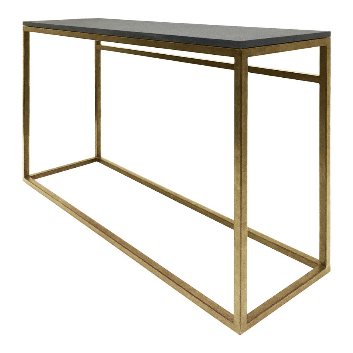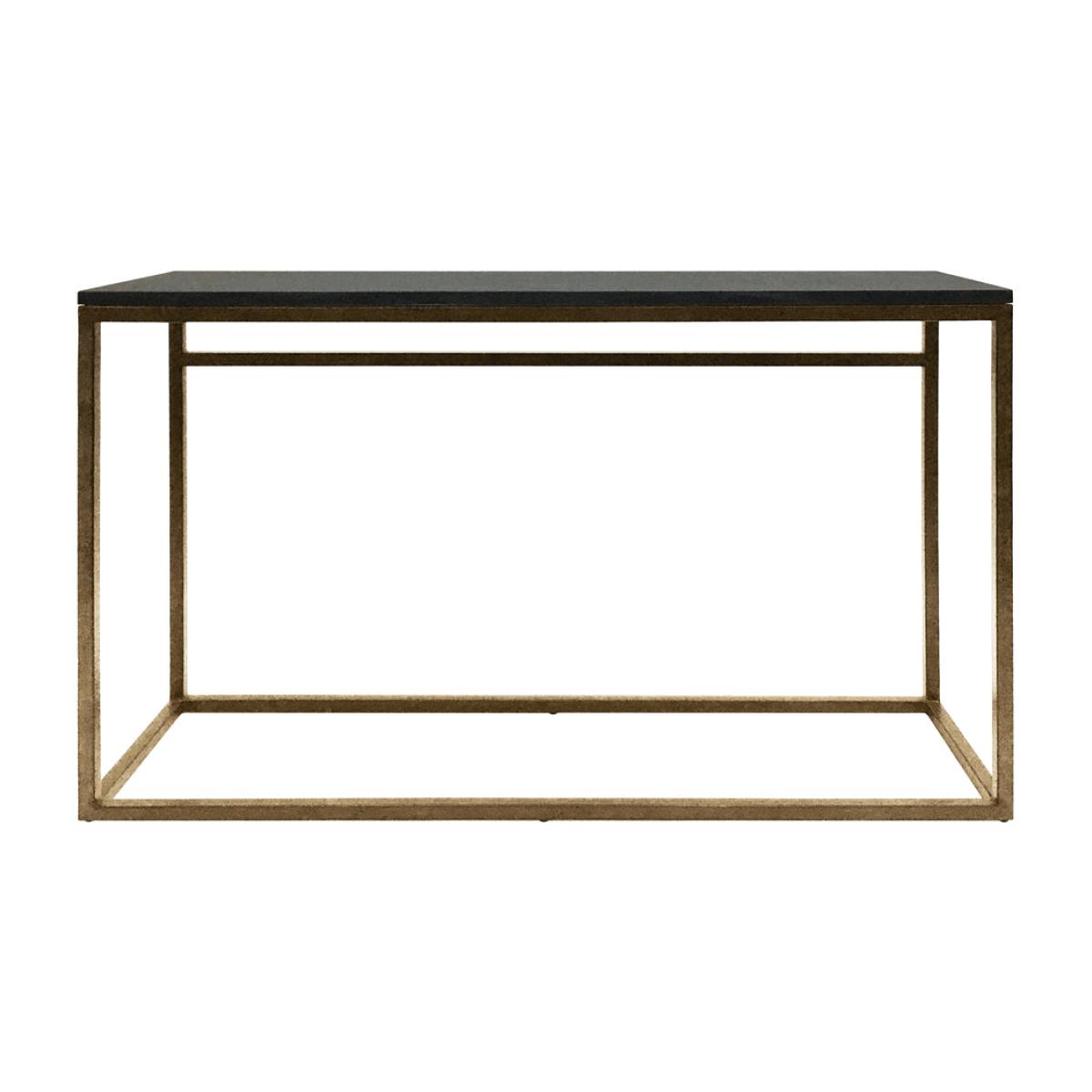 The Libra Kirkstone Iron Console Table combines contemporary clean lines with stability and robustness. The deep colour of the galaxy slate is the perfect foil for the subtle metallic of the frame of the table and is the perfect setting for any items you may want to place on top of its matt-finished top. Metal meets stone in this charming console table which has been finished in antique champagne tones. With its rustic allure, this large characterful piece is a fantastic addition to any contemporary living space. With a width of 139.6cm and height of 82cm, this may be suited to larger spaces. Dimensions: W: 139.6 x D: 82 x H: 40.6 cm Materials: Iron, Marble Assembly Required: No Care Instructions: Dust with a clean, lint free cloth
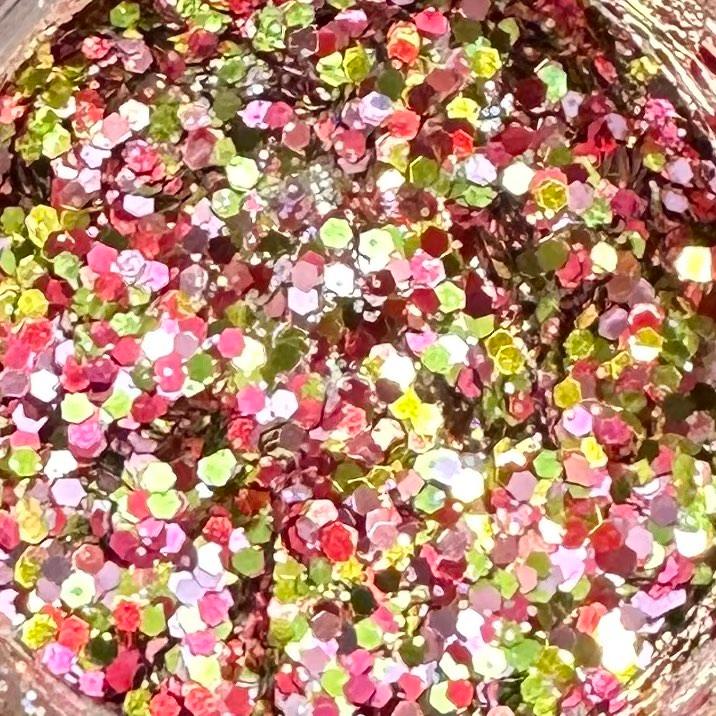 Dark pink and lime green mixed glitter with metallic sparkle.
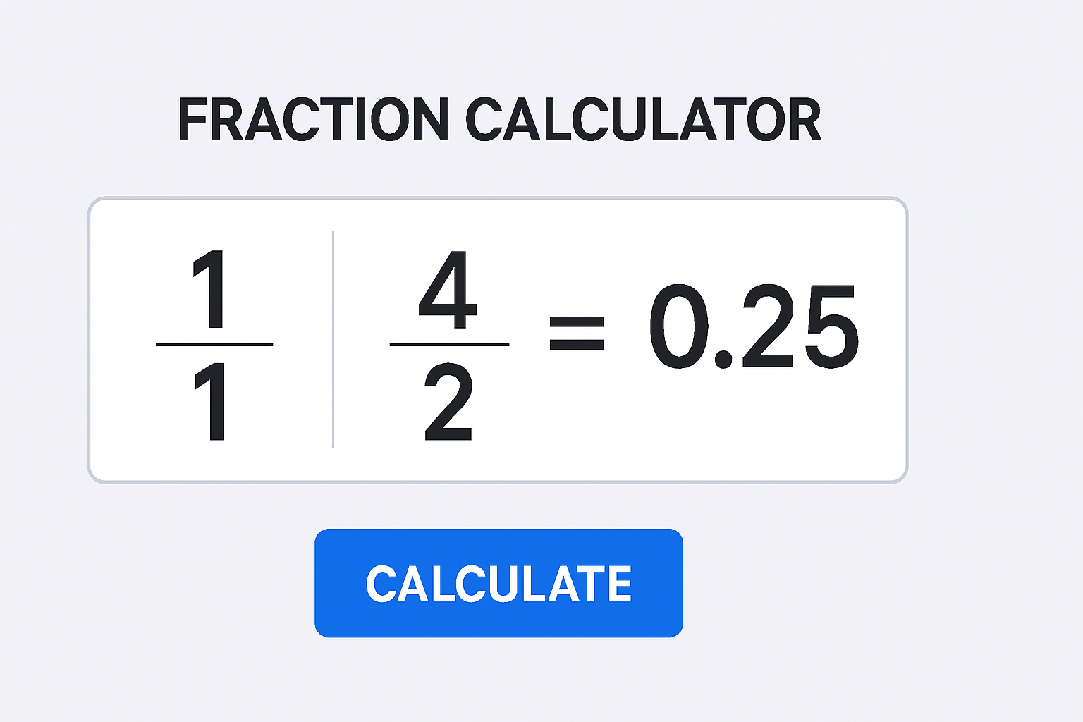 - Two fraction inputs (numerator & denominator for each).
^^^^^^^^
» **TASK DIRECTIONS**: Your answer should be every line above, written out exactly, with no pictures.

» **OUTPUT**:
 The Libra Kirkstone Iron Console Table combines contemporary clean lines with stability and robustness. The deep colour of the galaxy slate is the perfect foil for the subtle metallic of the frame of the table and is the perfect setting for any items you may want to place on top of its matt-finished top. Metal meets stone in this charming console table which has been finished in antique champagne tones. With its rustic allure, this large characterful piece is a fantastic addition to any contemporary living space. With a width of 139.6cm and height of 82cm, this may be suited to larger spaces. Dimensions: W: 139.6 x D: 82 x H: 40.6 cm Materials: Iron, Marble Assembly Required: No Care Instructions: Dust with a clean, lint free cloth
 Dark pink and lime green mixed glitter with metallic sparkle.
 - Two fraction inputs (numerator & denominator for each).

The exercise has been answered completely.